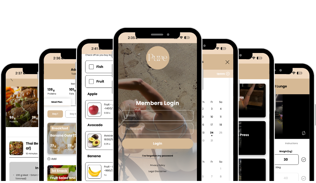 Pure Balance members receive their programs on a Mobile App, so you can take your personalised meal plans and training programs with you to both the supermarket and the gym!
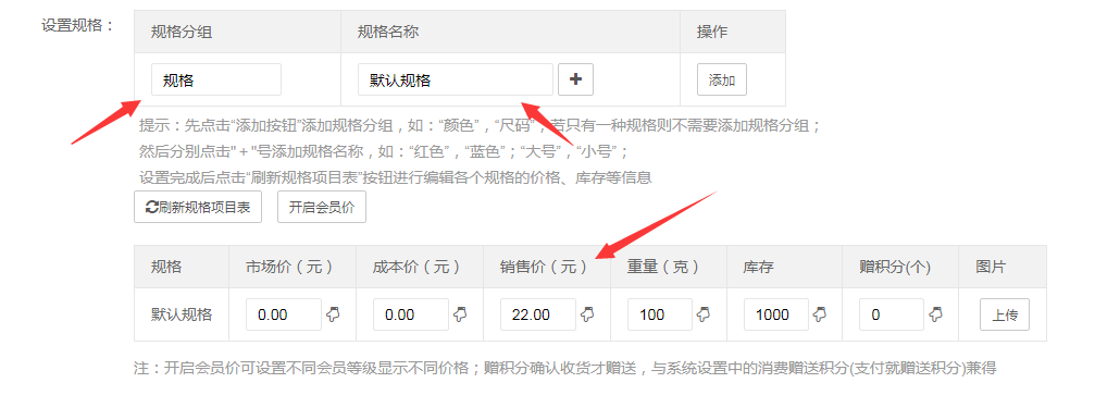規(guī)格根據(jù)自己需要設(shè)置,名字和規(guī)格參數(shù),也可以不設(shè)置,直接下面銷售價填寫價格
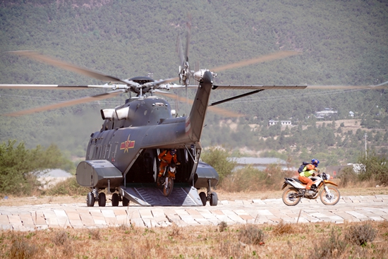 由于直升机并无摩托车固定装载模式,在演习前机组人员与地方救援力量进行了反复讨论、地面模拟、空中试飞,确保救援人员和装备安全抵达。
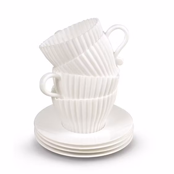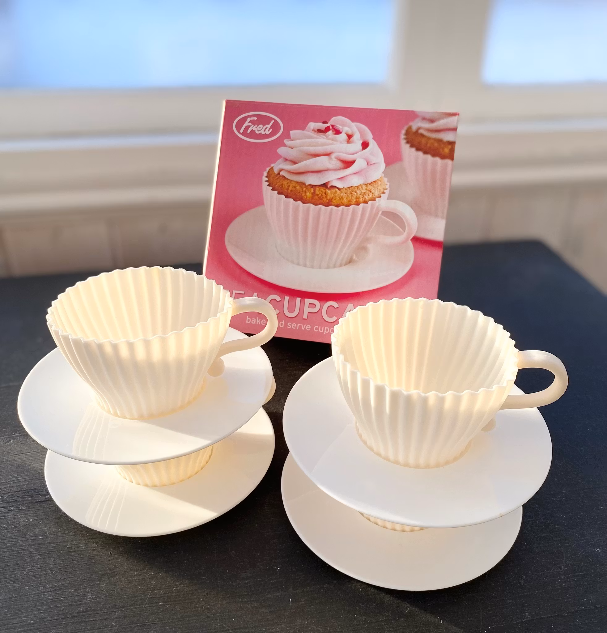 Fred's Tea Cupcakes! Denna förpackning innehåller 4 begagnade Tea Cupcake-muffinsformar i silikon. Formarna är i fint skick och ser ut som en tekopp. Silikonmaterialet är lätt att använda och rengöra. Det ger dig möjlighet att baka muffins eller cupcakes med en unik och kreativ touch. Med denna form kan du skapa de mest fantasifulla och smakrika bakverk. Det är inte bara enkelt, det är också roligt! Du kan använda denna form för att baka muffins som du sedan kan servera på festliga tillställningar, eller sälja dem till andra.
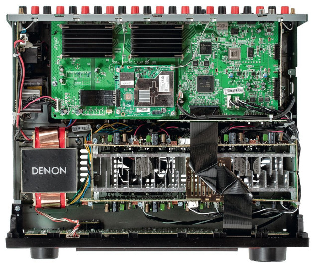 W sekcji audio bez niespodzianek – Denon wciąż stosuje wszechstronne procesory Analog Devices z rodziny Sharc, które umożliwiają skomplikowane operacje, jakich wymagają współczesne standardy surround.
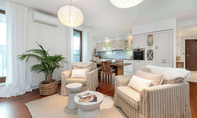 This modern 79 m² apartment is an excellent choice for families, groups of friends and business travellers. Guests have access to a spacious living room with a balcony, a fully equipped kitchenette, a bathroom with a bathtub, free Wi-Fi and a Smart TV. Additionally, we offer a parking space in the garage. Pets are welcome (for an additional fee), and we can issue a VAT invoice upon request.
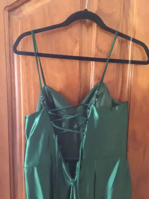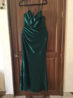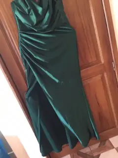Verde esmeralda vestido. Un vestido largo de fiesta con abertura de un lado de la pierna.
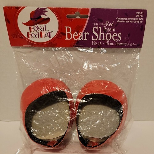 The Royal Red Hat Red Patent Bear Shoes are a set of two red patent leather shoes designed to fit 15-18 inch bears. Made by the brand Royal Red Hat, these shoes are crafted specifically for bears and are a perfect accessory for doll and bear enthusiasts. The vibrant red color and sleek design make these shoes a stylish addition to any bear's wardrobe, ideal for adding a touch of flair to their outfit. Made in China, these bear shoes are a must-have for those looking to dress up their furry friends in style.

┄┄┄┄┄┄┄┄┄┄

Work to be completed: Repeat only the lines from the one holding "W sekcji audio" through the last line of the data, inclusive. Keep the pictures out.

Expected answer:
 W sekcji audio bez niespodzianek – Denon wciąż stosuje wszechstronne procesory Analog Devices z rodziny Sharc, które umożliwiają skomplikowane operacje, jakich wymagają współczesne standardy surround.
 This modern 79 m² apartment is an excellent choice for families, groups of friends and business travellers. Guests have access to a spacious living room with a balcony, a fully equipped kitchenette, a bathroom with a bathtub, free Wi-Fi and a Smart TV. Additionally, we offer a parking space in the garage. Pets are welcome (for an additional fee), and we can issue a VAT invoice upon request.
Verde esmeralda vestido. Un vestido largo de fiesta con abertura de un lado de la pierna.
 The Royal Red Hat Red Patent Bear Shoes are a set of two red patent leather shoes designed to fit 15-18 inch bears. Made by the brand Royal Red Hat, these shoes are crafted specifically for bears and are a perfect accessory for doll and bear enthusiasts. The vibrant red color and sleek design make these shoes a stylish addition to any bear's wardrobe, ideal for adding a touch of flair to their outfit. Made in China, these bear shoes are a must-have for those looking to dress up their furry friends in style.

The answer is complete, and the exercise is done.